On 11/30/2008 04:32 PM, Ian G:
OK, so would you agree that this is not very useful for the non-company people, like yours and my mum?
Please note that you are agreeing here with yourself. The lack of contributions to the thread doesn't mean that there is silent agreement to what you say.
If so, if we agree on that, we might also say "well, companies can look after themselves;" and/or "Mozilla has no offering suitable for secure email for ordinary users."

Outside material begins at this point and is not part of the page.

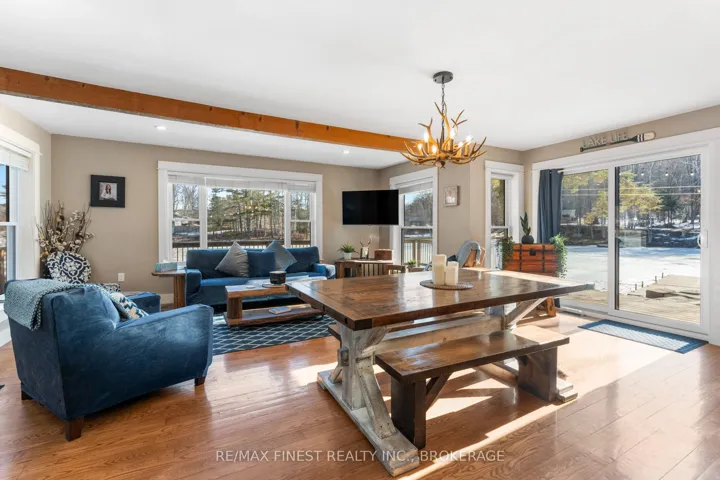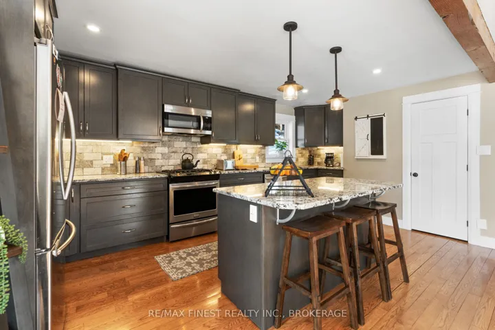 +"PublicRemarks": "Welcome to your private waterfront retreat on Sydenham Lake, offering an incredible 312 feet of shoreline tucked into its own quiet bay just off the main lake. This protected shoreline provides the calm waters ideal for swimming, fishing, docking, and year-round lake enjoyment. Outdoor living is at its finest with a wraparound deck showcasing lake views and a stunning limestone patio designed for entertaining at the water's edge. Unwind in the hot tub beneath a custom-built gazebo after a day on the lake. This property also includes a double-car garage, a fully paved driveway, and a newly built storage building-providing ample storage for vehicles, tools, and recreational equipment. The home has been extensively renovated and thoughtfully updated. The custom-designed kitchen features granite countertops, a large island, and solid oak flooring-perfect for gathering and entertaining. Two beautifully updated bathrooms including a spa-inspired ensuite with a glass shower and deep, stand-alone soaking tub-an ideal retreat after a day outdoors. Additional upgrades include a new steel roof, siding and stone exterior, and new windows and flooring. A complete list of improvements is available upon request. This is a rare opportunity to own a truly exceptional waterfront property on Sydenham Lake-where privacy, modern comfort, and four-season recreation combine to create an unforgettable lakeside lifestyle."

The support of S/MINE in Thunderbird is neither difficult nor is it insecure. It takes about two clicks to import a certificate and another two to configure it for a specific account. Once TB will be able to use the same certificate store as Firefox, it's minus two clicks. Once a certificate is configured for signing, no further interaction is required. Encrypting is a piece of cake. Getting a certificate happens at some CAs already during the registration process (cough, cough).
Considering the amount of public client certs stored in my TB, it seems that many of the somewhat more technical orientated audience are A) able to use it, B) actually using it. And not all of them are geeks either.
I don't know about you, but I'm here at Mozilla to get a solution to everyone.
S/MIME is an easy to use solution to encrypt mail, sufficiently secure, provides reasonable protection and easy to obtain (free client certificates are all over - Verisign, Thawte, StartCom, Comodo and perhaps more).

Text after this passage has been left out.